François Carrier Ensemble

Openness

François Carrier (as), Tomasz Stańko (tr), Mat Maneri (vla), Gary Peacock (b), Michel Lambert (dms).

Label / Distribution : Fundacja Słuchaj

La relation entre François Carrier et le contrebassiste Gary Peacock est ancienne, mais jusqu’ici n’avait donné lieu qu’à peu de publications. Nous l’avions évoquée lors de sa récente interview, riche en anecdotes. Il y a 20 ans paraissait Travelling Light avec Peacock et Paul Bley, mais aussi comme une évidence le batteur Michel Lambert, indéfectible compagnon du saxophoniste. Sans Paul Bley mais avec d’autres prestigieux invités, la discographie de François Carrier et Gary Peacock s’agrandit avec un pléthorique Openness, enregistré en 2006 à l’occasion d’une série de concerts à Montréal. L’orchestre réuni ces deux soirs de mai est proprement ahurissant, puisqu’au trio des deux Québécois avec le contrebassiste s’ajoutent le trompettiste Tomasz Stańko et l’altiste Mat Maneri pour une discussion intense, telle qu’on l’entend dans « Wide Awakening », avec un travail de fond très dense entre la base rythmique et une discussion où Maneri et Carrier font face à une trompette très volubile. Mais dans ce triple disque, toutes les possibilités restent ouvertes, et tous les cas de figure sont possibles.

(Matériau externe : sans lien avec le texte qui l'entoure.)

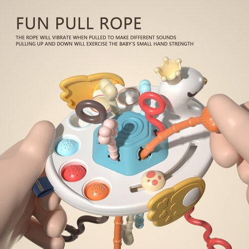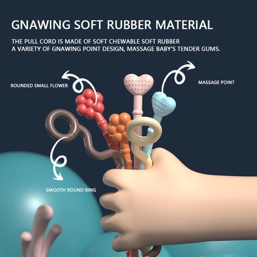 【Educational Toys for Babies】The pull string toy with different textures and colors has many ways to play, such as pulling up and down, pressing, chewing and so on, which can stimulate developing motor skills, hand-eye coordination and sensory exploration of babies.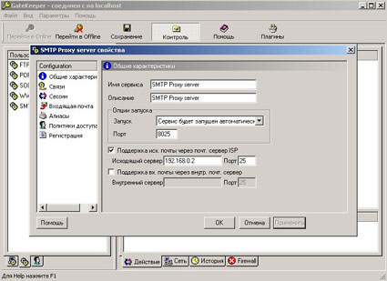 2. Далее выбираем настройки SMTP Proxy server. В появившемся меню SMTP Proxy server свойства, в закладке Общие вводим в поле Порт номер порта, пусть он будет 8025, дабы исключить конфликт, если уже установлен отдельный почтовый сервер на 25 порту, а пользователям хочется работать с внешними ящиками. Ставим флажек на Поддержка исходящей почты через почтовый сервер ISP, в поле Исходяший сервер вписываем IP адрес майл-сервера своего провайдера, а в поле Порт номер порта 25. Снимаем флажек с Поддержка вх. почты через внутренний сервер.
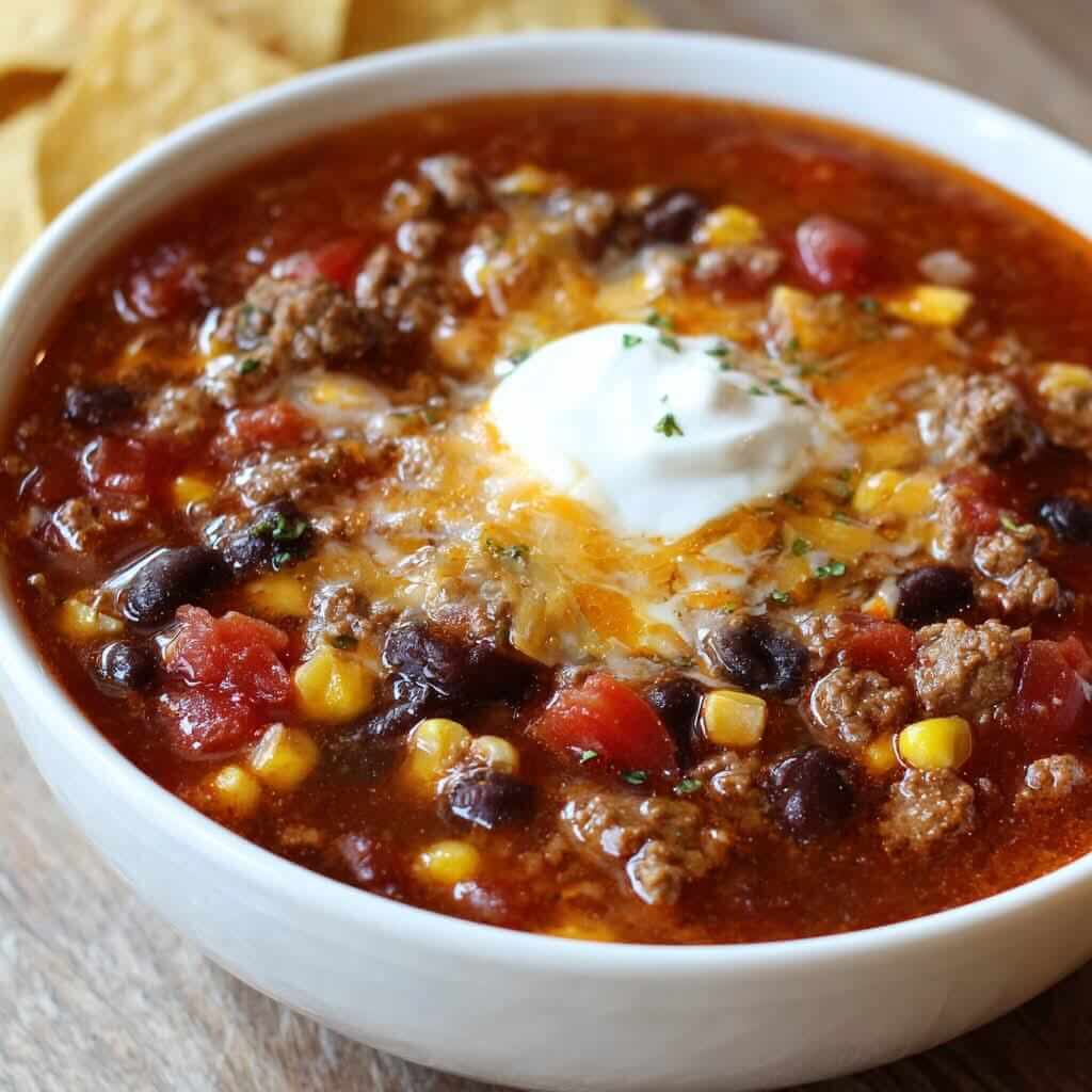 This one-pot taco soup is the ultimate comfort meal that’s both easy and flavorful. Ground meat, beans, corn, and tomatoes simmer together with taco spices for a dish that’s warm, filling, and satisfying. Quick to prepare, customizable, and perfect for weeknight dinners, it’s also great for meal prep and freezes well. Add your favorite toppings and enjoy a bowl of hearty, zesty soup anytime.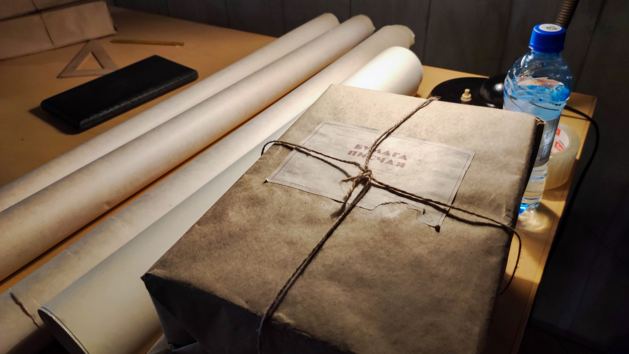 Рабочий стол с ретро-предметами в интерьере зоны «Прошлое» выставки «Умные финансы»

Ainsi, dans « Come & Go », à l’entrée du troisième disque, on entend un échange assez émouvant entre Peacock et Stańko que Lambert ponctue avec douceur. Openness est le témoignage d’une musique qui se laisse le temps, un espace de liberté offert à de remarquables solistes. À tout instant, le rôle de Maneri en tant qu’électron libre de ce François Carrier Ensemble est d’ailleurs tout à fait fascinant. Qu’il soit sur le devant de la scène avec le trompettiste (« Pathless ») ou en charge du luxe de détails, ce sont bien souvent les cordes qui font basculer l’improvisation d’un climat à l’autre.

Quant à Carrier, qu’on retrouve là au tout début de sa carrière, il laisse beaucoup de place à ses compagnons, assez éloigné de l’urgence qui caractérise ses rencontres actuelles à travers le monde. Il n’en perd pas moins le caractère inflammable de son jeu, à l’image de ce beau tutti de soufflants dans « Spirit of Connection ». Proposé par le label polonais Fundacja Słuchaj, Openness est une très belle archive qui met davantage en lumière les premières aventures du saxophoniste québécois.